I am now the Artistic Director of Jumped Up Theatre, which tours to site-specific venues. I cannot say it has always been easy, or never reduced me to tears or tantrums, but these are the maxims that get me through:
1. Look after the venue. Be a polite, cheerful and sociable guest. It is not unusual to be greeted with nervous trepidation, so reassure the custodians of your new, temporary and strange home that you are not going to burn it down. Washing up your mugs is a good start. Talk positively with every staff member you meet about your project and their venue. Smile and learn their names, ask them for advice and ply them with cake. Show them that you know what you are doing. When we started rehearsing A Workhouse Christmas at Peterborough Museum we were greeted with suspicion – were we just exploiting their beautiful building for our own purposes? On the last night of the run the staff asked when we were coming back.

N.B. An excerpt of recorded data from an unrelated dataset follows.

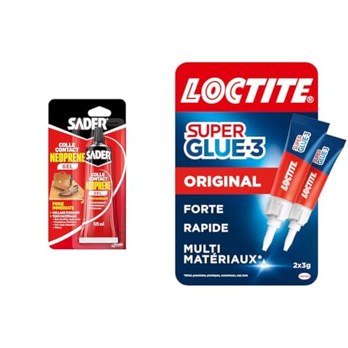 Sader Colle Contact Néoprène Gel – Colle Extra Forte Tous Matériaux – Prise Immédiate & Loctite Super Glue-3 Original, colle forte et résistante de haute qualité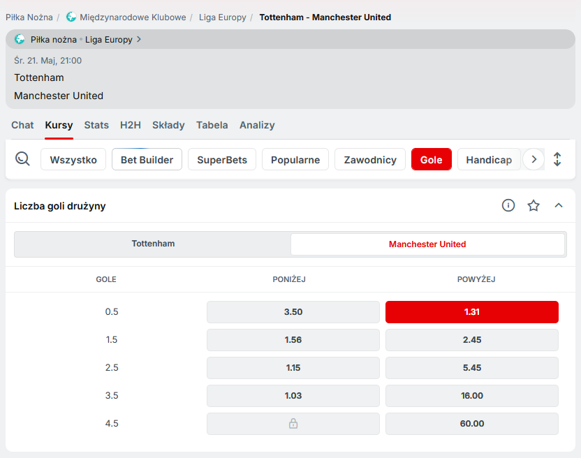 W tegorocznym finale Ligi Europy spotkają się 16. w tabeli Premier League Manchester United oraz 17. Tottenham Hotspur. Dla obu drużyn to ostatnia szansa na uratowanie sezonu. W Superbet znajdziemy ciekawą promocję na środowe spotkanie: bukmacher zapłaci nowym graczom za gola wybranej drużyny. I to aż 400 złotych!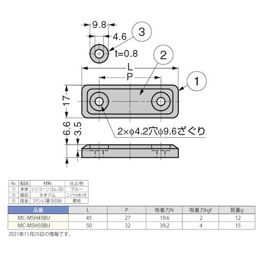 【CAINZ-DASH】スガツネ工業 (140033801)MC-MSH45BUハイジェニックシリコーンマグネットキャッチ MC-MSH45BU【別送品】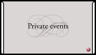 Evolve is an event planning company with over 40 years of combined experience organizing private events such as weddings, anniversaries, and birthday parties. They pride themselves on listening to clients' ideas and working to plan memorable occasions. Prior clients praise Evolve's professionalism, creativity, and ability to anticipate needs to ensure events go smoothly. Evolve's team of planners aims to go above and beyond to deliver innovative, exceptional, and stylish solutions for each event.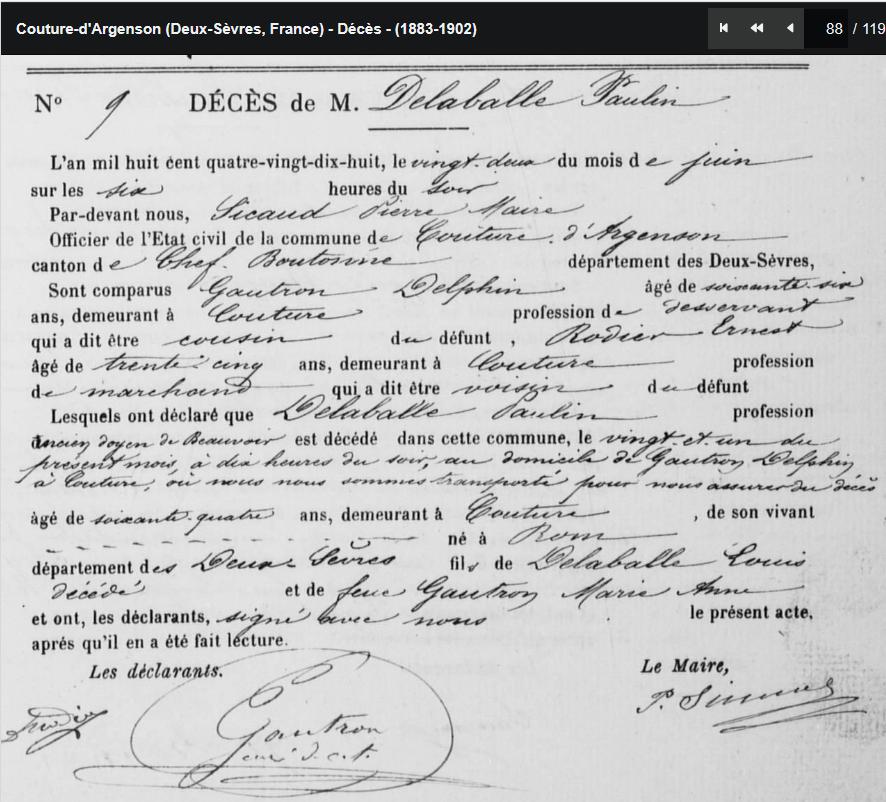 DCD le 21/06/1898 à COUTURE au domicile de son cousin GAUTRON Delphin desservant de COUTURE |

2. Look after the audience. You want your audience to arrive in good time and good humour. So, for instance, do not skimp on signage to a venue and include directions on your website. Make sure you provide support for audiences with different needs; if your event involves a lot of standing and steps then someone with a walking frame will undoubtedly turn up, so have a plan to deal with this.
3. Look after the company. Theatre touring is tiring at the best of times, but when it is somewhere ‘chilly and uncomfortable’ (thanks Time Out) it really helps if there is a place where you can put your feet up and have a cup of tea – ideally in private. HOUSE was a play we put on in my home, and never have the garden chairs or my ability to weed been so appreciated.
4. Learn to explain the event in a succinct sentence. You will be asked by everyone, from venue staff to journalists, from actors to punters, about what you are doing. You need to be extremely efficient in your reply because sometimes the window of opportunity will be very short. Such as the time I had to stop a dustcart in the street because it was about to spoil the ambience of a Victorian pauper’s death in the snow.
5. When something goes wrong, do not freak out. Just when you think you have covered every eventuality something will happen which you could not have predicted. We turned up at one church venue, for our production Galileo, to find that the builders had turned the water off, so no heating or toilets, and there was a flood streaming across the floor from a burst pipe. I smiled at the vicar and reassured him that it would be fine. He allowed everyone, including the audience, to use the toilets in the vicarage and make hot drinks in his kitchen. And I mopped between cues.
Do all this and – if you are producing work that is astounding and unique – audiences will look at theatre in a new way. Venues will look at themselves in a new way, and thank you for it. And your company will stand out from the crowd.